Shown in <Adhesiveness of aquatic organisms> The antifouling coating materials and antifouling paints of Examples 1 to 10, Reference Examples 1 to 2, Comparative Examples 1 to 4 and Comparative Examples 6 to 7 were respectively used as antirust paints. A sample was prepared by applying the resulting composition to a 100 × 300 × 3 mm copper plate coated with such that the dry film thickness was 150 to 200 μm. Each of these samples and an untreated sample as Comparative Example 5 were submerged in the sea off Hiroshima Bay and Miyajima, and the area of attachment of aquatic organisms was examined every six months. Table 6 shows the adhesion area of each sample in percentage. [Table 5] [Table 6] <Adhesiveness of aquatic organisms> A mesh in which the antifouling coating materials and the antifouling paints of Examples 1 and 5 and Comparative Examples 1 and 4 were respectively attached to a 50 × 50 cm polyvinyl chloride resin frame. A sample was prepared by dip coating a polyester fishing net having a size of 7 knots.

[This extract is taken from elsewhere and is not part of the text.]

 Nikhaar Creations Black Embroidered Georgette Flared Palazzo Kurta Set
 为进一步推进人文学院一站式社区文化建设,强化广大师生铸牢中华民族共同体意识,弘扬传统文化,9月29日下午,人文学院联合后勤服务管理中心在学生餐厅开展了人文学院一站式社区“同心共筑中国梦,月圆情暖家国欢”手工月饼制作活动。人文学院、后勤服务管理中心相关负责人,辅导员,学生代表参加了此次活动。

These samples and an untreated sample as Comparative Example 5 were each submerged in the sea of Toyama Bay, and the state of attachment of aquatic organisms was checked every two months. Table 7 shows the results. [Table 7] As shown by the results of each test, the antifouling coating material using the copolymer of the present invention exhibits stable antifouling properties over a long period of time. The copolymer for an antifouling coating material of the present invention has an improved hydrophilicity by hydrolyzing a triorganosilyl group in a side chain, and has a controlled solubility in water, that is, self-polishing. As a result, excellent antifouling effect can be exhibited without using an organic tin compound or an organic tin-containing copolymer which affects the environment. Therefore, the copolymer for an antifouling coating material of the present invention is effective in preventing contamination by aquatic organisms such as underwater structures, fishing nets, and ship bottoms.

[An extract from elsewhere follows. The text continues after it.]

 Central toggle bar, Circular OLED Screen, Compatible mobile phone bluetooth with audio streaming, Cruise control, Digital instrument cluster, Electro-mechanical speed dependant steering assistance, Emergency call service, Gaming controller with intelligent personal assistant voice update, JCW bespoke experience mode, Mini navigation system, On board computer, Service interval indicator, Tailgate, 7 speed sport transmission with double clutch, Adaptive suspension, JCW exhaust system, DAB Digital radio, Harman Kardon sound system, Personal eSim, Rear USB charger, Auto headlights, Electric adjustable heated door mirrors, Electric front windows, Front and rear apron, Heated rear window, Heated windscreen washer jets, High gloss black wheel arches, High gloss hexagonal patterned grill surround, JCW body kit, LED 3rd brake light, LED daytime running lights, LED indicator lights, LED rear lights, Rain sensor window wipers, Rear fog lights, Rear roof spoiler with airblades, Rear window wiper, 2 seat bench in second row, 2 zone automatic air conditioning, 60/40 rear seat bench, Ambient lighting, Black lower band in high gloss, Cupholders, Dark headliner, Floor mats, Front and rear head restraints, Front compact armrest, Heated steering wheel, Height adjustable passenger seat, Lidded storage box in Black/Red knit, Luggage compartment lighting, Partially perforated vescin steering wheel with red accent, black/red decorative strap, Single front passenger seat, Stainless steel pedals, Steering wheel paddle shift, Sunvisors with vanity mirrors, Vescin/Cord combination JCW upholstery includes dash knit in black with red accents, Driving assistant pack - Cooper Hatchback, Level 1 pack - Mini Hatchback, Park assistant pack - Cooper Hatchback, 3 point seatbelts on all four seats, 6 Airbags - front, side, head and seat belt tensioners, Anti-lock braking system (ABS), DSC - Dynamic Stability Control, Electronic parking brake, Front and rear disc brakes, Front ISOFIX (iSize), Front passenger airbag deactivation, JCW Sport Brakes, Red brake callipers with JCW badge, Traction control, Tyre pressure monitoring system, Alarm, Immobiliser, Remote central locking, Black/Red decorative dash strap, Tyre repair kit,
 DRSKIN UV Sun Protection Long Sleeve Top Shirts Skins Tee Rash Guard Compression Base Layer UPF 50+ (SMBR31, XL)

──────────────────────────────────────────────────続 き Continuing on the front page (72) Inventor Nobuhiro Saito 133 Nishishinmachi, Ota City, Gunma Prefecture Toshiba Siri Cone Co., Ltd. 72) Inventor Masayuki Hatanaka 133 Nishishinmachi, Ota-shi, Gunma Toshiba Silicon Cone Co., Ltd. (56) References Tables Sho 60-500452 (JP, A) (58) Fields investigated (Int. Cl. ⁷ , DB Name) C09D 143/04 C08F 220/10 C08F 230/08 C09D 5/14 C09D 133/04

Claims (1)

(57) [Claims] The following general formula (Wherein, R ¹ is a hydrogen atom or a methyl group, R ² , R ³ ,
R ⁴ represents a monovalent hydrocarbon group selected from the group consisting of an alkyl group having 1 to 18 carbon atoms, a cycloalkyl group, and a phenyl group), at least one unsaturated triorganosilyl monomer represented by the following formula: And a polymer containing at least one organic monomer selected from (meth) acrylic and vinyl compounds and having a degree of polymerization of not more than 190 and containing no tin-containing copolymer for an antifouling coating material. Copolymer. 2. ^{2. The} copolymer for an antifouling coating material according to claim 1, wherein R ² , R ³ and R ⁴ are all butyl groups. 3. ^{2. The} copolymer for an antifouling coating material according to claim 1, wherein ^{two of} R ² , R ³ and R ⁴ are methyl groups, and the remainder is an alkyl group having 6 or more carbon atoms. 4. The copolymer for an antifouling coating material according to any one of claims 1 to 3, wherein the amount of the unsaturated triorganosilyl monomer among the monomers of the copolymer is 10 to 95% by weight.